最初のエピソードはスコセッシの監督。三つのエピソードはそれぞれ異なるフィルムで撮影されているようで、舞台となるホコリっぽいアトリエを粗い映像と捉えている。創作に行き詰まった芸術家の苦悩を描いた作品で、しばしばアーティストのインスピレーションとなる“リビドーの昇華”の瞬間を描いているが、それは表面的なもののようだ。本質的には、ストレートなラブストーリーであり、『タクシードライバー』の主人公と少女娼婦の関係を思わせるような不器用な恋愛模様を描いていく。二十歳そこそこの娘の気まぐれに翻弄させ悶絶するニック・ノルティの熱演が光っている。しつこく繰り返しかかるプロコル・ハルムの「青い影」も、この主人公の暑苦しさを増幅させ、異常に熱のこもった作品に仕上がっている。
真ん中のエピソードは、コッポラ監督。映像は三つのエピソードの中でももっともクリアで、高級ホテル暮らしのお金持ちの少女の華麗な生活を鮮やかに描いていく。
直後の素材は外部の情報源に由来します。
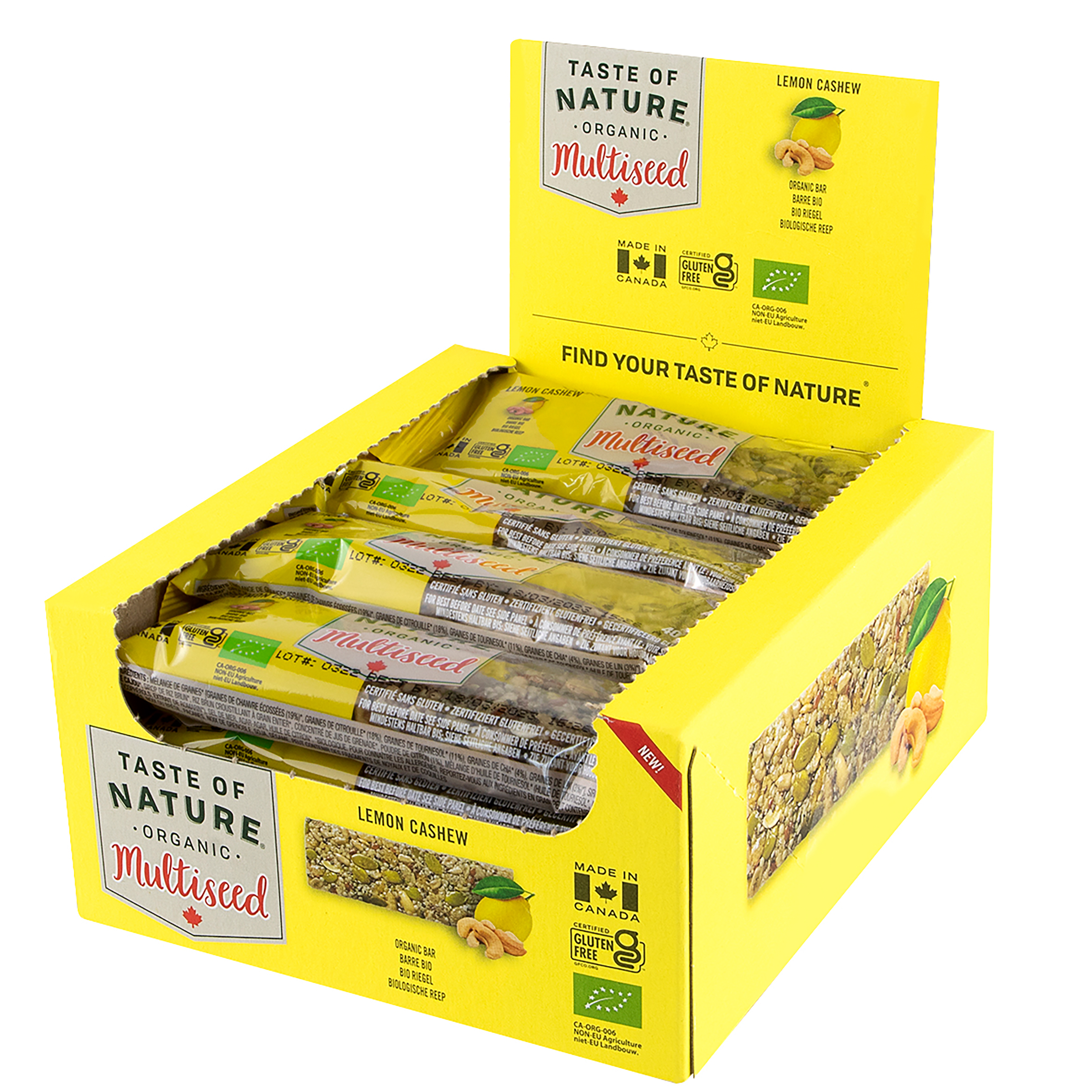 Samenmischung* [Geschälte Hanfsamen* (19%), Kürbiskerne* (18%), Sonnenblumenkerne* (11%), Chiasamen* (4%), Leinsamen* (3%)], Agavendicksaft*, CASHEWNÜSSE* (12%), brauner Reissirup*, Vollkornknusperreis*, Granatapfelsaftkonzentrat*, Zitronenpulver (1%), Sonnenblumenölmischung* [Sonnenblumenöl*, Antioxidationsmittel (Stark Tocopherolhaltige Extrakte, Extrakt aus Rosmarin *)], Meersalz, Geliermittel (Agar-Agar), Zitronenöl*. *Aus kontrolliert biologischem Anbau. Kann Teile von Kernen und Schalen enthalten.

コッポラが本格的なジュブナイルへ挑戦した作品である。今でこそ、この手の作品をいくつか監督や製作をしているが、当時としてはかなり意外性があったと思われる。脚本は現在監督して活躍しているコッポラの娘ソフィア。これまでにいくつかの映画にドミノというの芸名で子役出演をしていたが、製作面にかかわったのが本作が始めて。当時18歳だった。娘がかかわったこと以外にも、コッポラの身内を中心にしたプライベートな本作という意味合いが強いようだ。主人公の父親がフルート奏者であるという設定も、コッポラの父親カーマイン(辻音楽家として出演)がフルート奏者のだったからだろうし、主人公の"Zoe"という名も、おそらくはコッポラのスタジオ"American Zoetrope"から付けられているのだろう。
最後のエピソードはアレンの監督。映像はモノクロの雰囲気のあるセピアがかった映像で、内容も得意の自作自演コメディ。母親に行動を支配され大人になりきれない中年の姿をアレンがオロオロしながら演じる。いつものアレン節だが、特徴的なのは大胆なSFXの導入。アレンはどの作品にも、物語の脱線として多少のファンタジー的要素を含ませているが、時々、『カイロの紫のバラ』のようにファンタジーを話の軸をした作品を撮っている。本作もその手の作品で、「巨大な母親がニューヨークの空に出現して、あれこれと世話を焼いてくる」という悪夢のようなシチュエーションが爆笑を誘う。見る人を選ぶアレン映画の中でも分かりやすい展開をみせるため、アレン・ファンでなくても十分楽しめる作品だろう。
<<ライフ・レッスン(人生のレッスン)>>
改造した倉庫をアトリエとする中年の画家のライオネル・ドビー。個展まであと3週間だというのに作品の進み具合が芳しくなく、その上、画商のフィリップスにも急かされて、苛立っていた。
その日、ライオネルは、旅行から帰って来る助手のポーレットを空港に迎えに出かけた。ポーレットは22歳は、画家を目指してライオネルの下で働き始めたが、自分に特別な感情を抱く彼と関係をこじらせ、もうアトリエを去ろうと考えていた。今、彼女はグレゴリーというパフォーマンス・アーティストーにフラれたばかり。ポーレットは助手の仕事を続ける条件として、ライオネルに「寝ないこと」を約束させた。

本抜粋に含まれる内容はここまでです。